IPA Responses to Headline News
Headline: Hospital overcrowding is at breaking point
IPA Response in Radio Interview:
Stephen McMahon: I think what you've outlined there [Jonathan] is a very fair assessment of how serious the situation is, as of yesterday. In actual fact it's been going on for many years [overcrowding] but I think the sheer scale of it yesterday, almost like a warzone, for both the staff and patients who have had to endure these situations. We're hearing questions about whether junior doctors are being properly used on the discharge of patients; issues [and] questions about whether some consultants, and whether some patients are even seeing a senior consultant for the last seven or eight days in some hospitals. We've raised that with the HSE, which is the appropriate area, to ask them to investigate these allegations but a strong fact of the matter is that this is been going on for many years, Jonathan. This morning we heard about Beaumont Hospital going to full capacity protocol and I’d just like to explain to your listeners how serious it is that activation of the full capacity protocol is the result of many moving parts that not in alignment such as staffing capacity, infection control, and or the lack of management of those moving parts locally nationally and indeed politically. There were 19,135 occasions of full capacity protocols up to August 2020 which took us nearly eight months to establish from the HSE and it should be a near never event. They were supposed to do a risk assessment to understand what moving parts weren't working that caused this to happen, because exactly as you pointed out, Jonathan, it means people's operations are cancelled, the ED is over-run with patients, and perhaps having to move them up to wards and so on and with all the associated risks. In the NHS yesterday there was a report that their consultants said there was something in the region of about 500 patients a week dying as a result of overcrowding, and I’m not saying that that's happening in Ireland but if we downsize that there could be anything from 35 to 40 patients suffering death as a result of the overcrowding crisis that we have at the moment.
Interviewer: Stephen, on that point, in any other organisation if you ended up with a critical situation in a single department you would have staff urgently redeployed from other departments to try and make a dent in that. Is that happening in hospitals? I mean are we seeing consultants who normally live upstairs, if I could put it that way, being brought down to the ED where they probably don't want to be, but they’re needed right now?
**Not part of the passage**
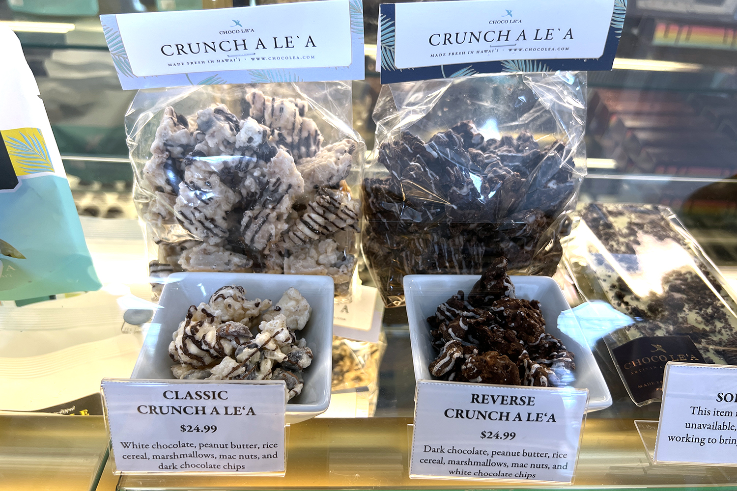 ローカルに絶大な人気を誇るのが、オリジナル菓子「Crunchalea(クランチレア)」。ピーナッツバター、ホワイトチョコ、ダークチョコを組み合わせたリッチな味わいで、ハワイの人々に愛されています。日本人観光客にはまだあまり知られていませんが、一度試すと「次はお土産に」とリピーターになる人が続出しているそうです。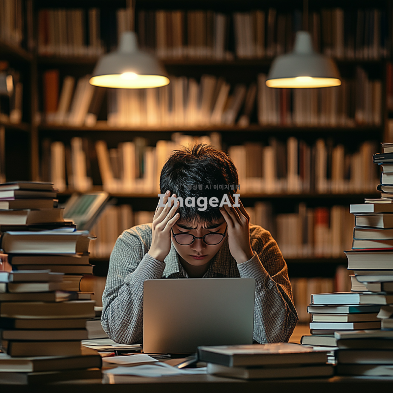 대학 도서관에서 책과 노트북에 둘러싸인 한국인 대학생, 스트레스를 받으며 머리를 감싸고 있는 모습, 눈에 피로가 가득하고 주변은 어지럽혀진 자료들로 가득, 어두운 조명 아래에서 집중하려고 애쓰는 모습, 긴장감이 흐르는 배경, 현대적인 대학 환경.

Stephen McMahon: Well, this is a key thing, I mean you even hear about where it could be difficult to contact them [consultants] out of hours. You will hear people that are doing Trojan work or you’ve given examples there from the GP about the amount of work, and you were quite in your assessment that they are entitled to their time off and so on, but if there are contractual arrangements there has to be oversight that these are actually being fulfilled. The simple fact of the matter, Jonathan, is that the winter plan that was prepared this year was not even signed off by the board of the HSE. All they did was note it because they didn't have enough time, I think, to actually review what was actually happening. They noted that the executive management team that put it together and the Minister had published it. The one thing you will very seldom hear from politicians or from people with other vested interests within the health system is the issue of accountability - you've touched on it - but there is really no accountability for when these situations happen. There’s been report[s] from Professor Keane, HIQA and so on, that talk about government's governance and leadership, and I think that it would be appropriate for the chair of the agency to make a public statement about the crisis that's been declared by his own management team on Christmas Eve. And really we could talk about down the road in five years time and Slainte Care - it is a crisis situation at the moment with Covid and flu and the viral infections. But let's say for instance, how difficult would it be for community pharmacist be able to prescribe first line antibiotics for infections, you know like that would be something, but is that a turf war or is it something that can be actually drafted in, as you quite rightly say: all hands to the deck to try and solve problems today.